WORK ITEM:
Quote these lines exactly: the one that holds "- इस मिश्रण" and every line after it to the end of the material below. Skip pictures.

INFORMATION PROVIDED:
_ _ _ _

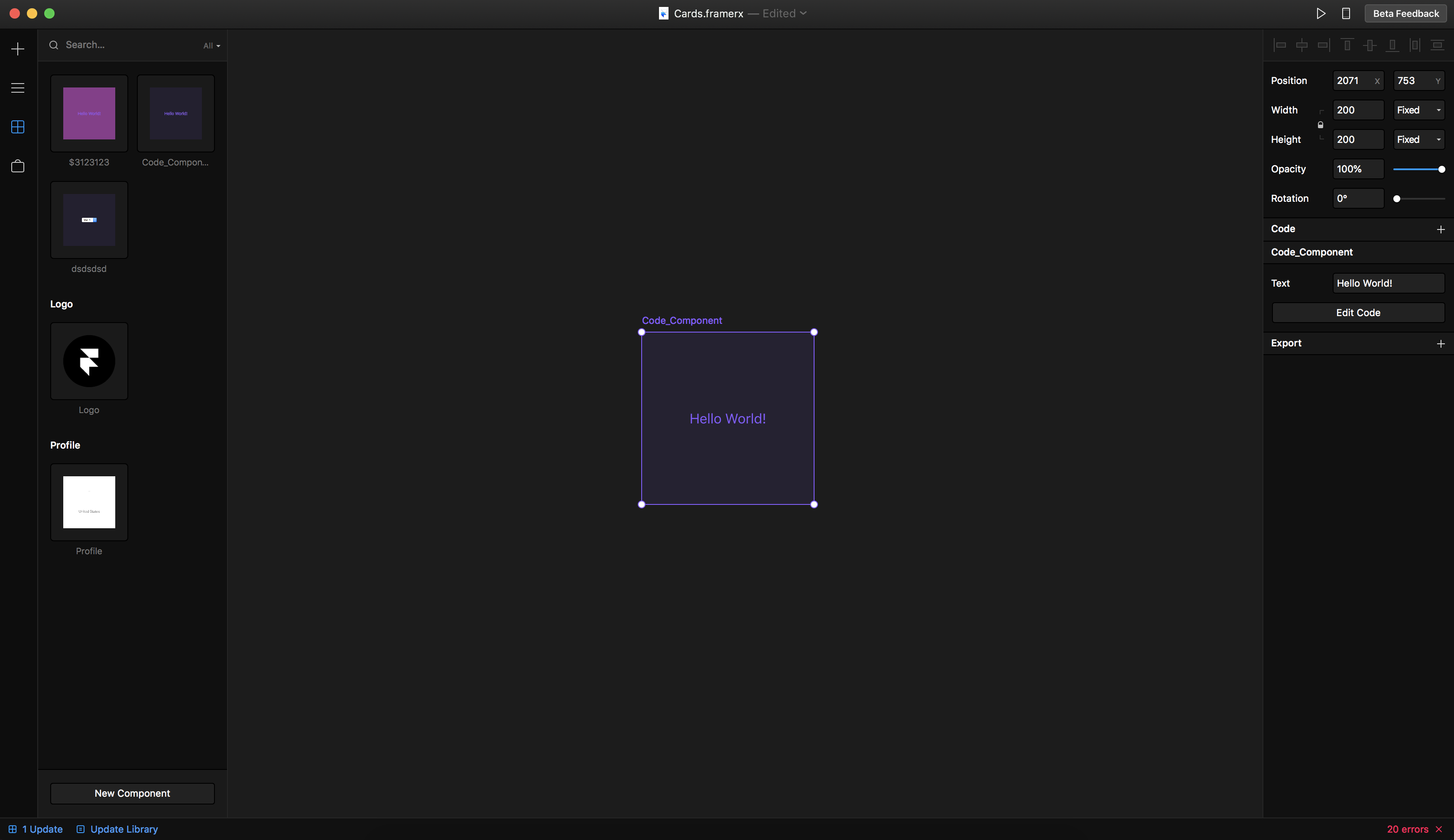 После анонсов я ждал, что Framer X поможет убрать конфликт между разработчиками и кодерами. Код отдельных элементов можно создавать на этапе дизайна и вставлять сразу в продукт. Этого не случилось, потому что при создании кода компонент существует как самостоятельная единица.
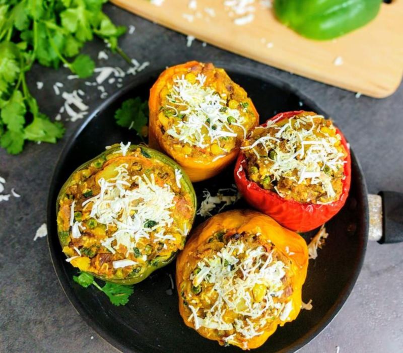 - इस मिश्रण को खोखली की हुई शिमला मिर्च में अच्छी तरह भरें।
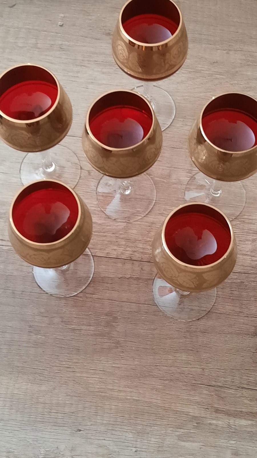 Krásne menšie poháre na víno z rubínového skla, sada 6 ks.

_ _ _ _

SOLUTION TO THIS EXERCISE:
 - इस मिश्रण को खोखली की हुई शिमला मिर्च में अच्छी तरह भरें।
 Krásne menšie poháre na víno z rubínového skla, sada 6 ks.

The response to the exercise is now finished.